I personally know this one can be tough. Saying, “I love you” can produce feelings of vulnerability, worries of rejection and “what if” the recipient doesn’t love me back.  Well, who cares really?! All that matters is that you love and that you say it.  If someone else doesn’t want to love you back that is on them, not you.  Shout it out from the rooftop if you have to…just do it.  To be vulnerable is to be seen and when people see you, they can connect.  Connections help you out with #2 and #3 so no, love, love and let the people you love know it.

5.     I should have spoken my mind instead of holding back and resenting things.

Holding thoughts inside your head is like being in a mental jail. Let it out. “Say what you need to say” in the words of John Mayer. Resentment is toxic, nasty stuff. Whether you write it, sing it, dance it or act it, just express your thoughts and release them. Chances are once you get your thoughts out, they will be met with feelings of gratitude and understanding. And if not…again, not your issue today because we are practicing living.  If someone else chooses a different path, so be it.

6.     I should have been the bigger person and resolved my problems.

Let me say from personal experience, it truly is better to be happy than to be right.  I saw a quote recently that said, “If you are afraid of being lonely, don't try to be right.” Enough said.

7.     I wish I had children.

In today’s world people are getting married later and putting off having children for career advancement or convenience. I know this is not the case with everyone because I personally cannot have children. However, I can see how this can certainly be a regret. It is important to remember that children can be adopted or even “supported” by means of non-profits that help out children in need for various reasons. Having children in our life can be achieved in a variety of ways.  The overall point here is that when you are elderly and leaving the planet, you want to know you aren’t alone and are leaving a legacy.  I vow to make sure I do that even if I don’t have children of my own.

8.     I should have saved more money for my retirement.

This is important, especially because with modern medical advancements we are living longer.  Balance is key here. Saving out of fear is not living; doing anything out of fear is not the best course of action.  Instead be smart with your money, while also benefiting from experiences. 

9.     Not having the courage to live truthfully.

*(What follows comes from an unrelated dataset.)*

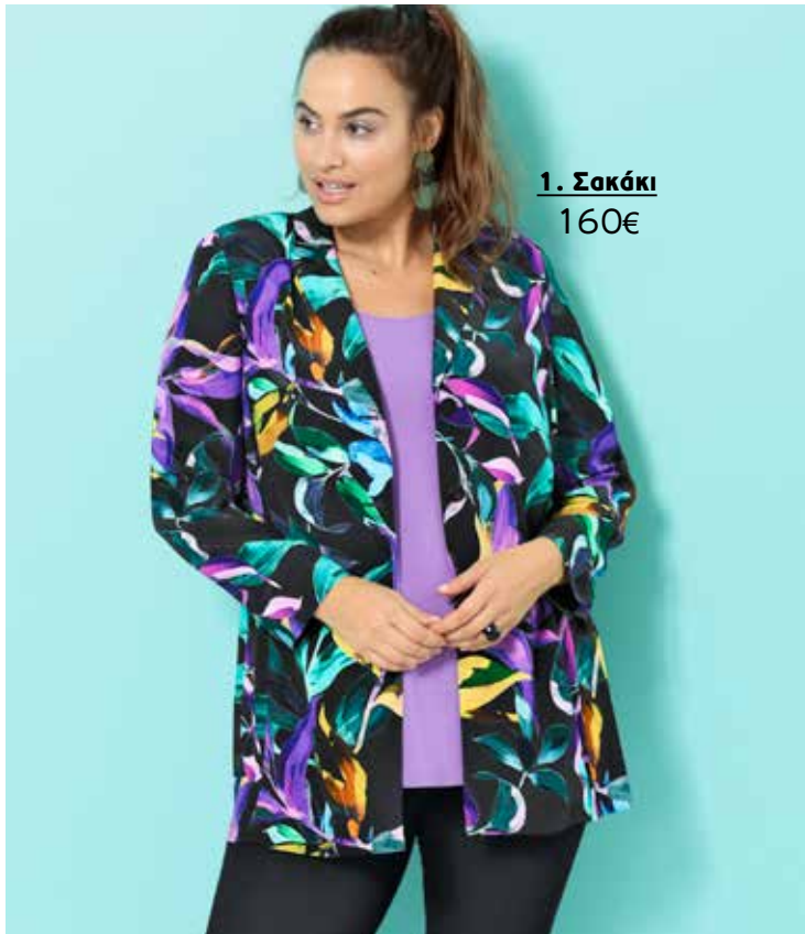
1. Σακάκι 160€

I have very little tolerance for non- authentic living. In fact, a good friend of mine just wrote a blog on being real. You can read it here:

10.  Happiness is a choice, I wish I knew that earlier.

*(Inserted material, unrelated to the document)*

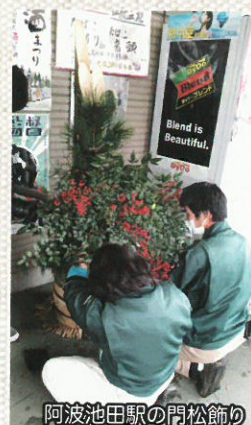
阿波池田駅の門松飾り
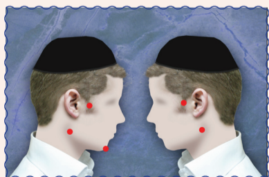
חמש מקומות של פאות הזקן לדעת הרמב"ם

Yes!! Yes!! How empowering to know we can all choose to be happy.  We are not victims in this life. Happiness is not a result, or an achievement, or a person, or prosperity, or power, or anything other than something we decide.  Happiness happens when we say so!

At 37, I feel grateful to still have two living grandparents to learn from and continue to gain wisdom from their successes and failures. I am also eager to continue to weave the above lessons into my daily practices. I hope you will too.